少しずつ伸びてきて来て、1万30分前後のランナーは増えてきています。彼らの中で、坪田監督が起用してみたいと思う選手がどれだけ出るか、このあたりまず注目ですね。
まず、大学駅伝で戦っていける柱はいるのですよね。佐藤選手がまずエースでしょう。次いで青木選手で、彼の山登りは非常に驚異の駒となるはず。岡原選手が殻を破れれば3本目、鎌田選手も次は4区あたりは走れる存在になりそうな気がしています。
そして坪井選手がどうやら覚醒してきそうな感じ。もし6区に他の選手が出てくれば、彼も往路に回して、三度の往路5位以内を狙える戦力になってくるでしょう。
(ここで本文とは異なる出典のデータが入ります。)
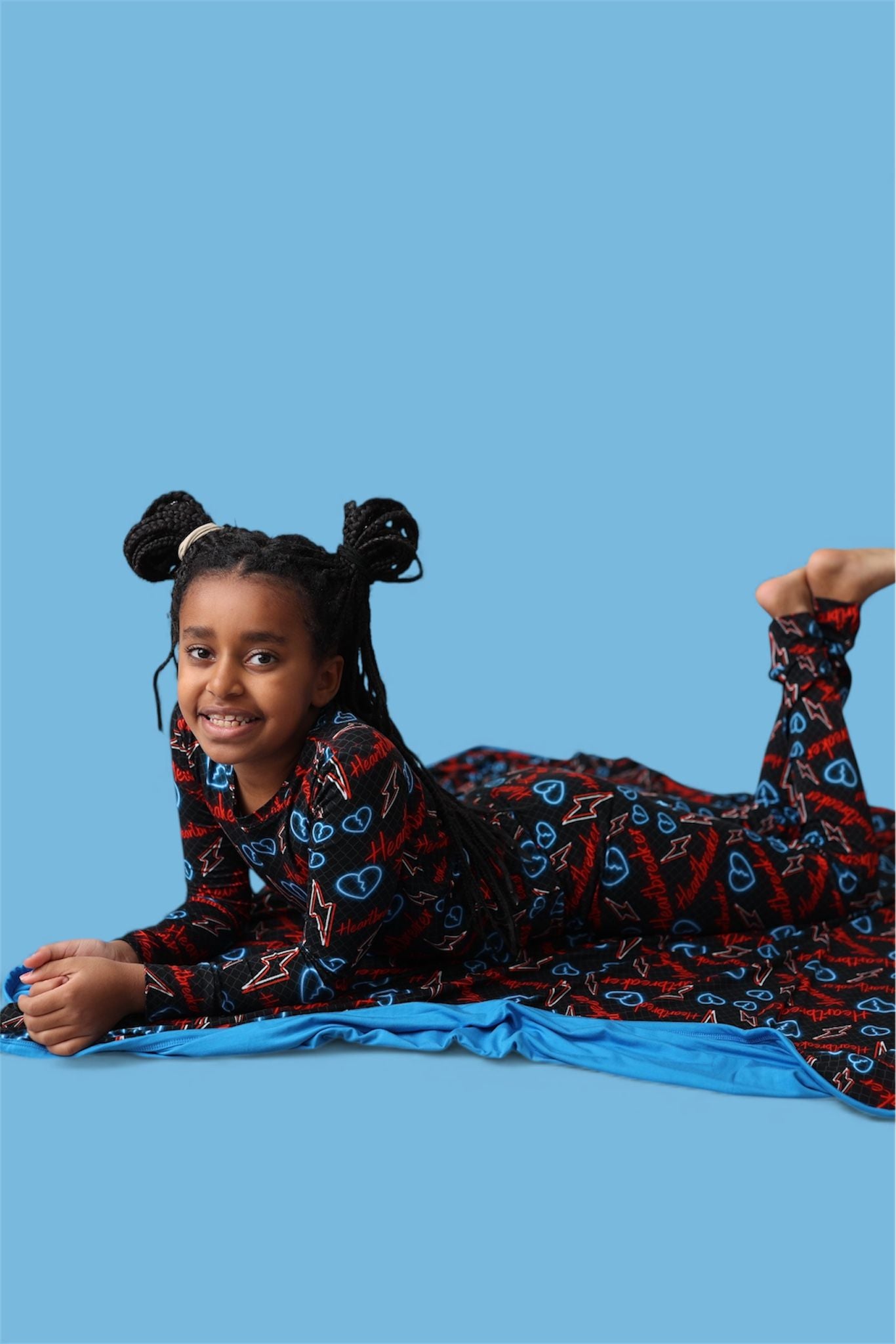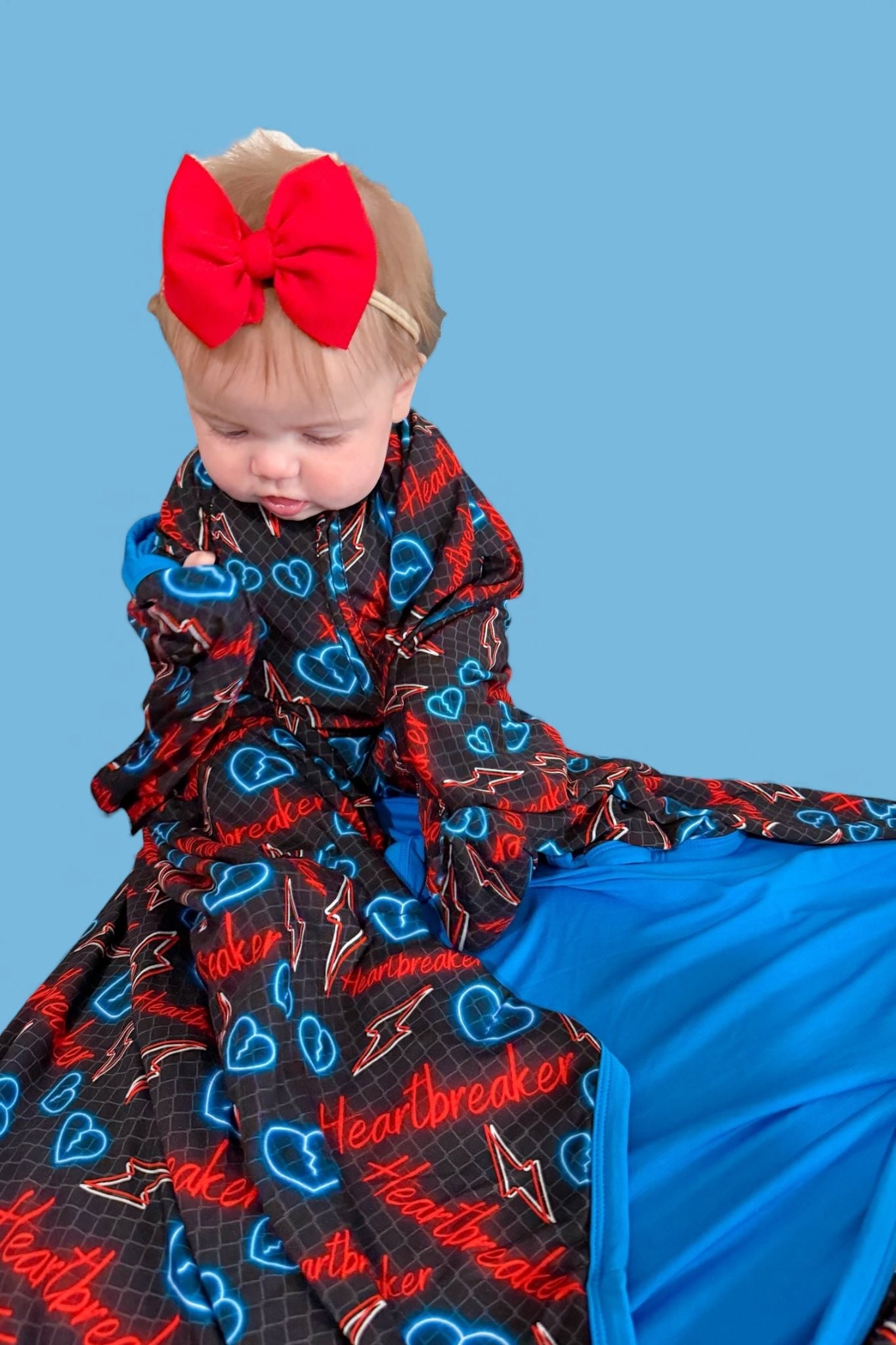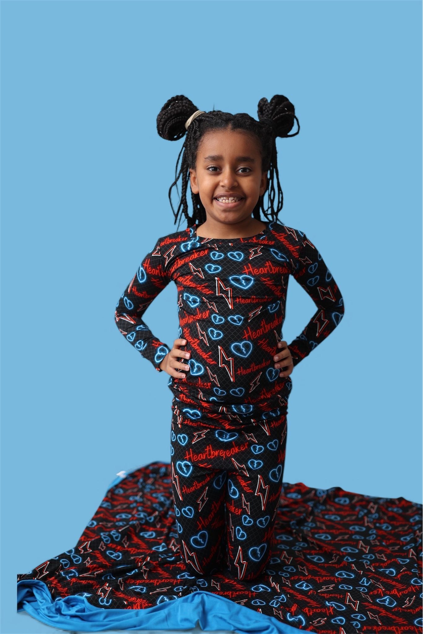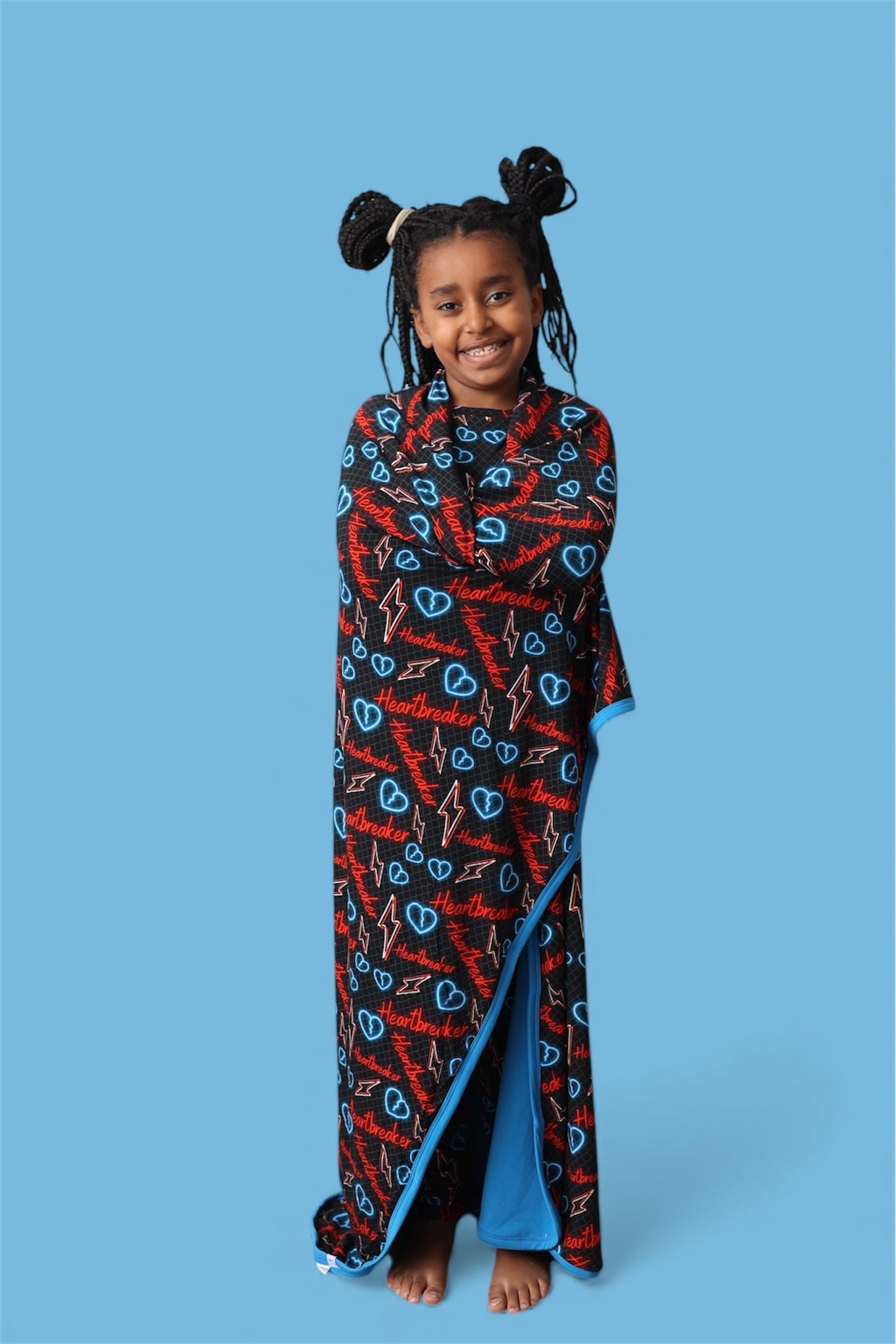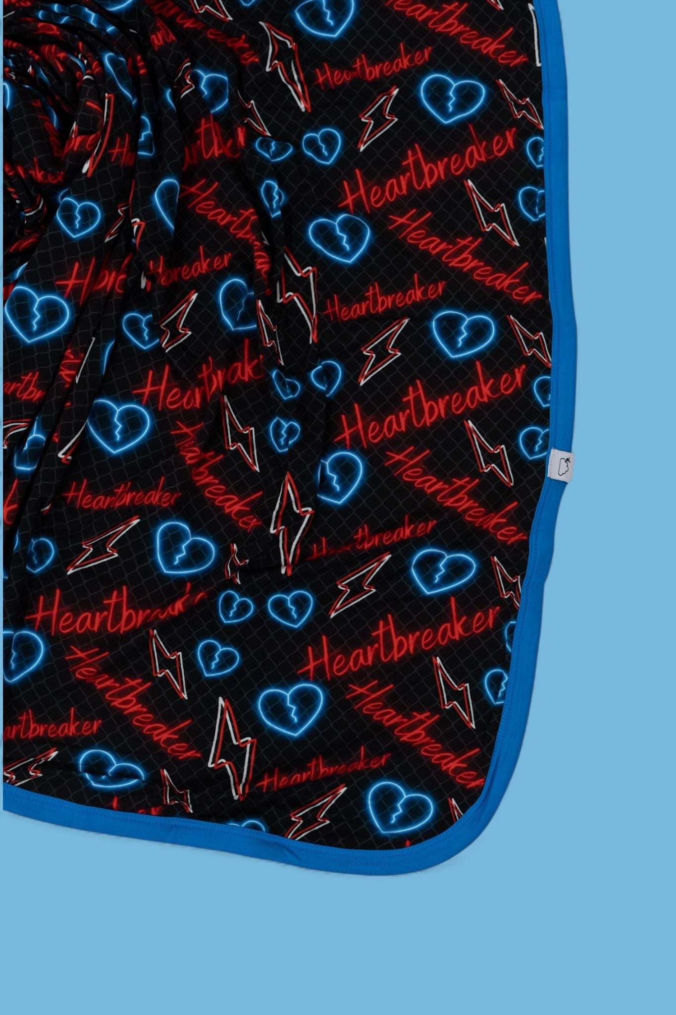 Wrap your little rockstar in cozy style! The Heartbreaker Dream Blanket is crafted from our signature buttery-soft bamboo fabric and features a neon-style print of glowing hearts, lightning bolts, and “Heartbreaker” script. Oversized, breathable, and ultra-soft, it’s perfect for stroller rides, nap time, or cuddles anytime.

なお、6区は新入生で、高校駅伝下っている4区で力走をしている選手が何人もいるので、適性ある選手が中にはいるかも??
10番手前後は何とも言えないところですが、松澤選手ら他の4年、そして3年生がしっかりと伸びてくれば、充分に埋まってきます。4年連続シード権獲得して上位校定着、そして目標の5位以内へ向けて、チームを整えていくことは可能な戦力です。